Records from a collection
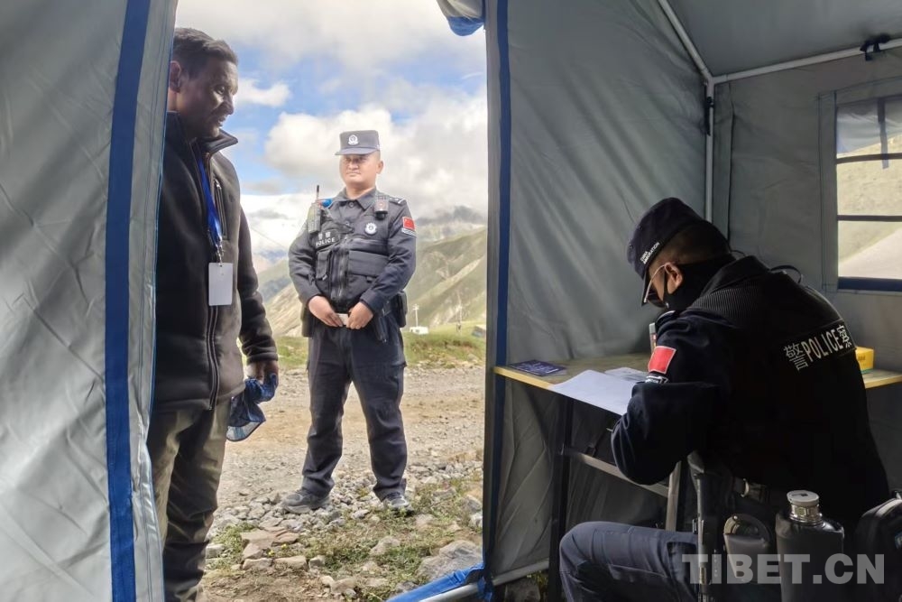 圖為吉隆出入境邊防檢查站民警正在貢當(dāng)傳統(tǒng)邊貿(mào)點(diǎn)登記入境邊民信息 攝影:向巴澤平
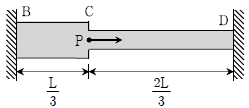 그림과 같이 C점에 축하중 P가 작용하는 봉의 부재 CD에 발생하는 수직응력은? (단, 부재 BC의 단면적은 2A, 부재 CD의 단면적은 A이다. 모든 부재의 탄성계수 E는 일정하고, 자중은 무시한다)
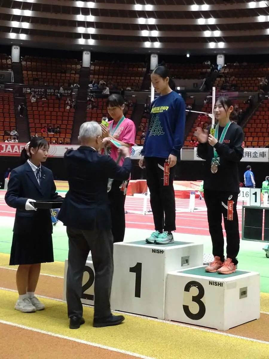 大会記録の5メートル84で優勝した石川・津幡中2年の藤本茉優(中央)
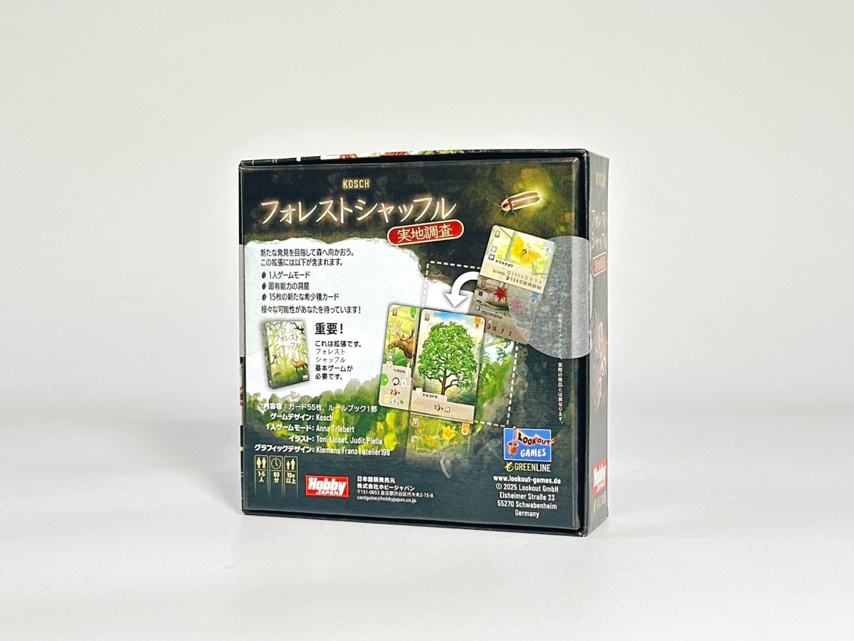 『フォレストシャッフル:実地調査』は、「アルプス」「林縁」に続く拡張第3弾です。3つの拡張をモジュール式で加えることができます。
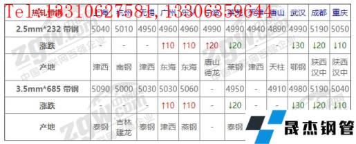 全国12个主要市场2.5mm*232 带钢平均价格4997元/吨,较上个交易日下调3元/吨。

# TASK DETAILS
Verbatim copy without images: write the records above out in full.

# WRITTEN SOLUTION
 圖為吉隆出入境邊防檢查站民警正在貢當(dāng)傳統(tǒng)邊貿(mào)點(diǎn)登記入境邊民信息 攝影:向巴澤平
 그림과 같이 C점에 축하중 P가 작용하는 봉의 부재 CD에 발생하는 수직응력은? (단, 부재 BC의 단면적은 2A, 부재 CD의 단면적은 A이다. 모든 부재의 탄성계수 E는 일정하고, 자중은 무시한다)
 大会記録の5メートル84で優勝した石川・津幡中2年の藤本茉優(中央)
 『フォレストシャッフル:実地調査』は、「アルプス」「林縁」に続く拡張第3弾です。3つの拡張をモジュール式で加えることができます。
 全国12个主要市场2.5mm*232 带钢平均价格4997元/吨,较上个交易日下调3元/吨。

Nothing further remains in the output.